Statistical analyses were performed using SPSS v29.0.1.0 (IBM Corp., Armonk, NY, USA) and Python v3.7.4. As basic analyses, the mean amplitudes of each VFT trial were compared between the HC and preclinical AD groups. Next, the FC analysis was performed by normalizing the Pearson correlation coefficient between the two preprocessed channels during 60 seconds combined with each VFT trial and following the recovery state using the z-Fisher transformation. Six variables were obtained: one right FC, one left FC, and four interhemispheric FC values. These are referred to as Inter 1 (FC between channels 1 and 3), Inter 2 (FC between channels 1 and 4), Inter 3 (FC between channels 2 and 3), and Inter 4 (FC between channels 2 and 4). To compare demographic variables and fNIRS analysis results between the HC and preclinical AD groups, a two-sided independent t-test or Mann-Whitney U test was performed, depending on the data distribution. Effect size Hedges' g was computed between groups having different sample sizes and Cohen's d was used for analysis within the group. To compare fNIRS channels or FC values within a group, one-way repeated analysis of variance (ANOVA) or Friedman's ANOVA was performed, depending on the data distribution. We applied false discovery rate (FDR) corrections as a post-hoc analysis of multiple observations having pairwise errors of 4 channels and 6 FC values at each VFT trial (Benjamini and Hochberg, 1995). Finally, significant fNIRS outcomes were correlated with clinical biomarkers including SNSB cognitive measures and FBB-PET SUVR values.

3 Results

3.1 Demographics

The demographic characteristics of the HC and preclinical AD groups are presented in Table 1. To assess the impact of AD on cognitively normal participants, we matched the groups based on age, education, and cognitive measures. The study included 54 HC (mean age = 72.8 years; mean education = 11.5 years; female sex = 48.1 %) and 45 preclinical AD subjects (mean age = 73.5 years; mean education = 11.7 years; female sex = 40.0 %). Amyloid PET analysis revealed a significantly greater SUVR in the preclinical AD group than in the HC group (mean SUVR; HC = 1.01, preclinical AD = 1.29, p < 10⁻²¹; mean SUVR-A; HC = 1.21, preclinical AD = 1.51, p < 10⁻²¹).
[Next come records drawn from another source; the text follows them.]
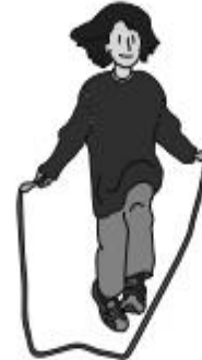
saltar la cuerda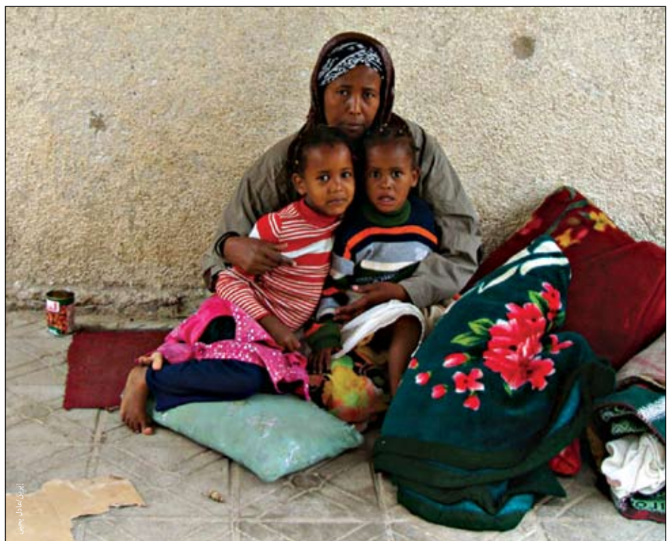
لاجئون صوماليون في اليمن.

ولا يفتأ الشعب اليمني بصفة عامة يعبر عن اعتزازه وفخره بأن اليمن تستقبل اللاجئين الصوماليين في الوقت الذي تفلظهم فيه جيرانها العرب الأكثر ثراء. ويرى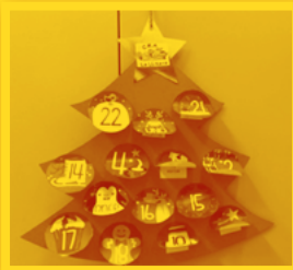
CRA La Llitera (Tamarit de Llitera)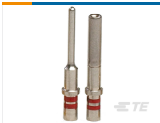
TE 产品编号ZPF000000000000435 006-1189-20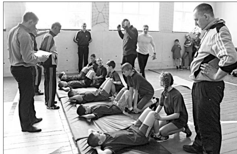
Учителя физкультуры пристально наблюдали за воспитанниками, поддерживая и при необходимости подгоняя их.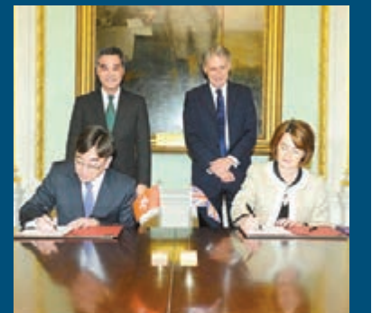
高永文(前排左)與英國公共衛生部長(前排右)簽署備忘錄。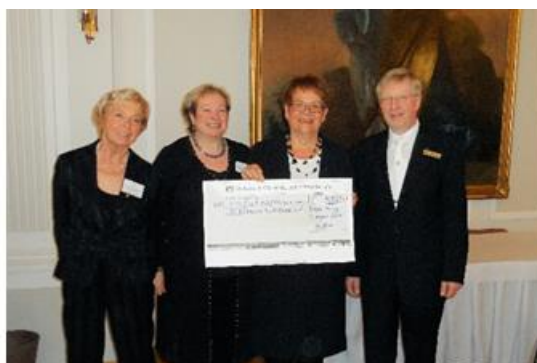
Neubegründung Frauen-Druiden-Loge Brunonia zu Braunschweig e.V.

Wir haben regelmäßige Kontakte zu unseren Kooperationspartnern und zu den Sponsoren gepflegt, die uns eine finanzielle Basis für unsere Projekte verschafft haben. Ohne diese Unterstützung wären einige unserer Hilfs-, Unterstützungs- und Förderprojekte gar nicht möglich gewesen.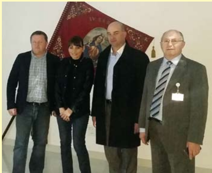
Predstavnici Ministarstva gospodarstva u Općini Radoboj

Uz razgledanje obnovljenih zgrada u vlasništvu Općine Radoboj gosti iz Ministarstva gospodarstva razgledali su Zavičajnu zbirku i Edukacijsko-promidžbeni centar Javne ustanove za zaštitu prirode Krapinsko zagorske županije.(ss)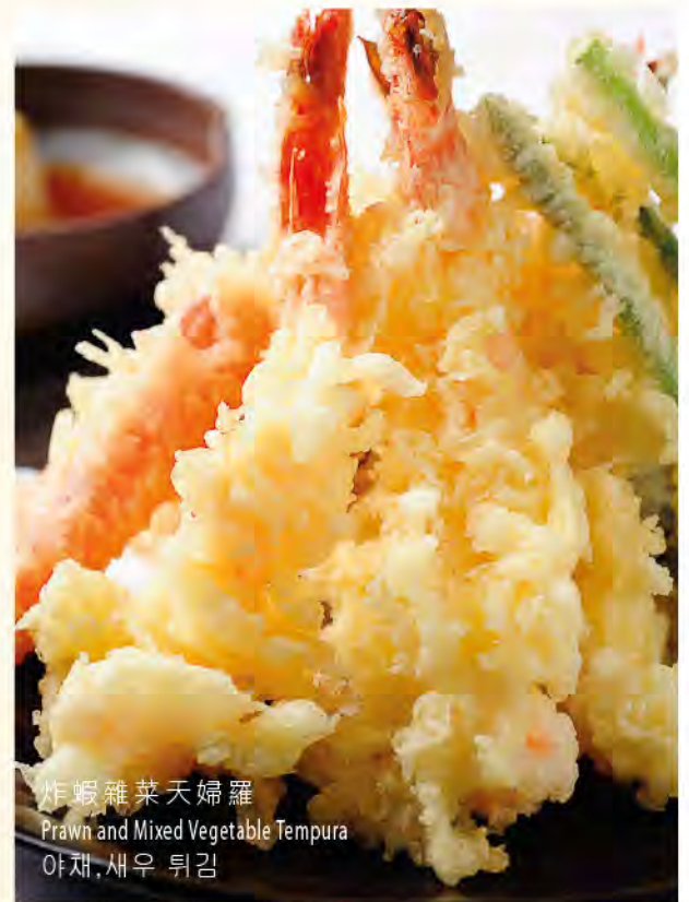
炸蝦雜菜天婦羅 Prawn and Mixed Vegetable Tempura 야채, 새우 튀김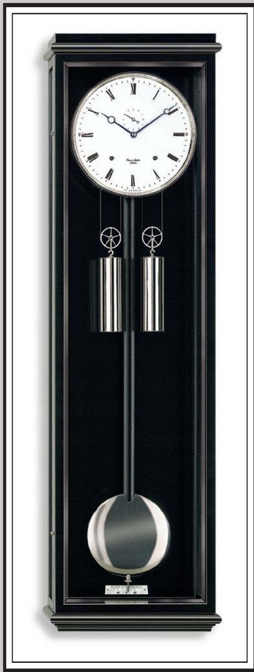
Modèle Classica S100

Durée de fonctionnement un mois, avec sonnerie discrète à la demi-heure. Le fabricant d'horloges de style Sattler a été l'artisan d'une brillante renaissance du régulateur viennois classique.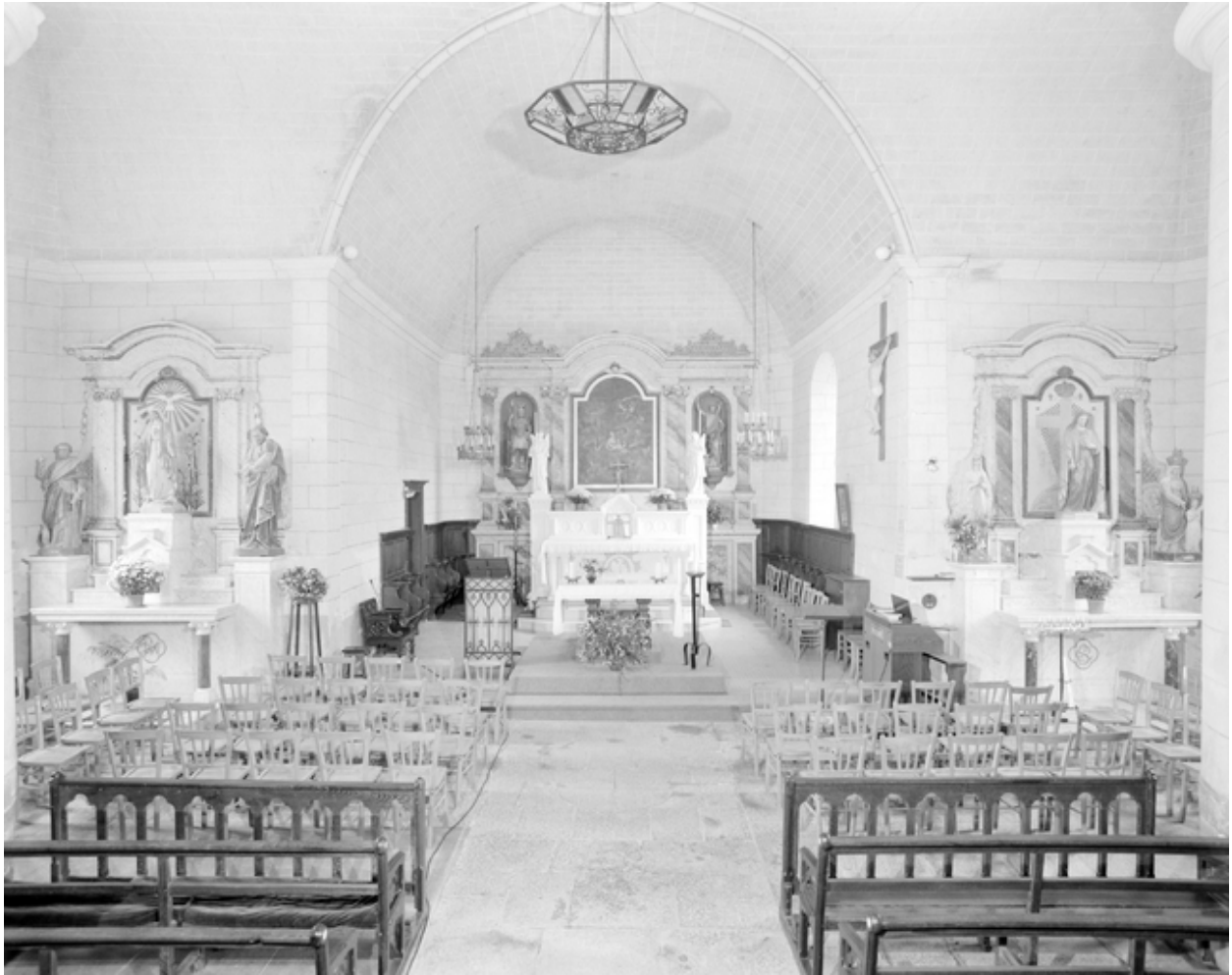
Vue intérieure prise en milieu de nef vers le chœur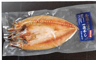
山徳平塚水産(株) 金華さばの一夜干し 賞味期限 製造日から 60日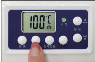
1. 기기 뒷면 전원을 켜 후, 핫버튼을 눌러줍니다. (기본온도 100°C 설정)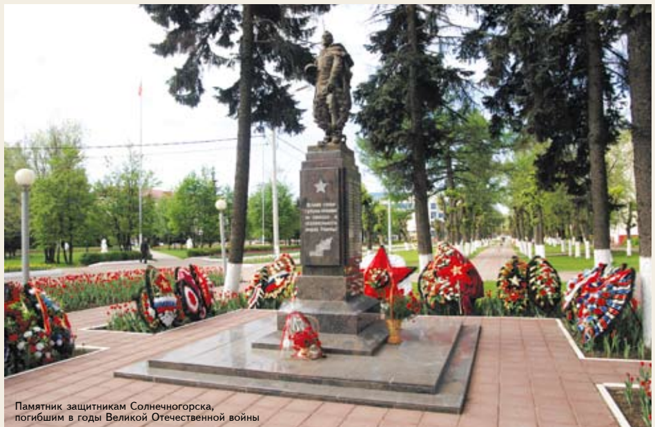
Памятник защитникам Солнечногорска, погибшим в годы Великой Отечественной войны

Для меня очень важно, чтобы жизнь в нашем районе наладилась, ведь здесь я родился, вырос, прожил всю свою жизнь. И я сделаю все, чтобы людям здесь жилось хорошо, чтобы каждый житель района на вопрос: «Где вы живете?», с гордостью отвечал: «В Солнечногорье!»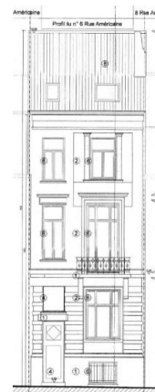
Élévation projetée de la façade à rue. Image tirée du dossier de demande.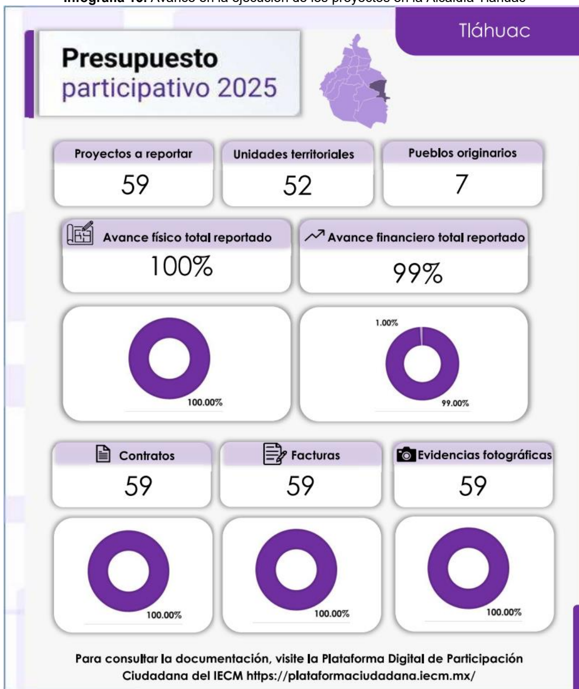
Infografía 13. Avance en la ejecución de los proyectos en la Alcaldía Tláhuac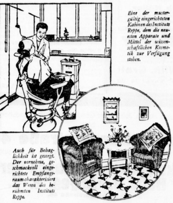
Auch für Bekleidungsstücke ist geeignet. Der vorurteillose, geschmackvolle, angenehme, empfindungsraumcharakteristische Duft von der bewährten Palmolive Seife.

Millionen Frauen haben in dieser täglichen 2-Minuten-Behandlung die Lösung des Problems der täglichen Schönheitspflege gefunden. Deshalb ist Palmolive in 48 Staaten die führende Teintseife — überall, wo Frauen nach schönem Teint streben, hören sie den immer wiederkehrenden Rat: „Waschen Sie sich zweimal täglich mit Palmolive-Seife“. Palmolive G. m. b. H., Berlin, Europahaus, Fabrik Hamburg.

3.2 Performances during the verbal fluency task

During the phonemic and semantic fluency tasks, both groups generated a similar number of words across trials. The word counts are shown in Table 2. On average, both groups tended to produce more semantic words than phonemic words. There were no significant differences in the number of words produced between the groups.

Table 2

Table 2. The number of words produced during verbal fluency task.

3.3 Concentration change

The group-averaged HbO and HbR signals are presented in Figure 3 for the HC and preclinical AD groups. Changes in HbO and HbR were averaged for channels and each group. In the phonemic and semantic VFTs of grand-averaged data, the preclinical AD group showed greater mean HbO levels than the HC group during P2 (HC = 0.017 ± 0.018 μmol; preclinical AD = 0.077 ± 0.023 μmol; t(97) = –2.0; p < 0.05; g = –0.41), P3 (HC = 0.044 ± 0.017 μmol; preclinical AD = 0.101 ± 0.029 μmol; p < 0.05; g = –0.35), and S3 (HC = 0.029 ± 0.022 μmol; preclinical AD = 0.100 ± 0.026 μmol; t(97) = –2.1; p < 0.05; g = –0.43; Mean ± Standard deviation). However, no significant differences were found between the two groups in any of the four-channel comparisons with FDR correction.

Figure 3

Figure 3. Representative fNIRS signals. Changes in oxygenated and deoxygenated hemoglobin concentrations were averaged for channels and each group. The solid line indicates the preclinical group, and the dotted line indicates the HC group and the pink and blue shaded areas surrounding the solid and dotted lines represent the standard errors.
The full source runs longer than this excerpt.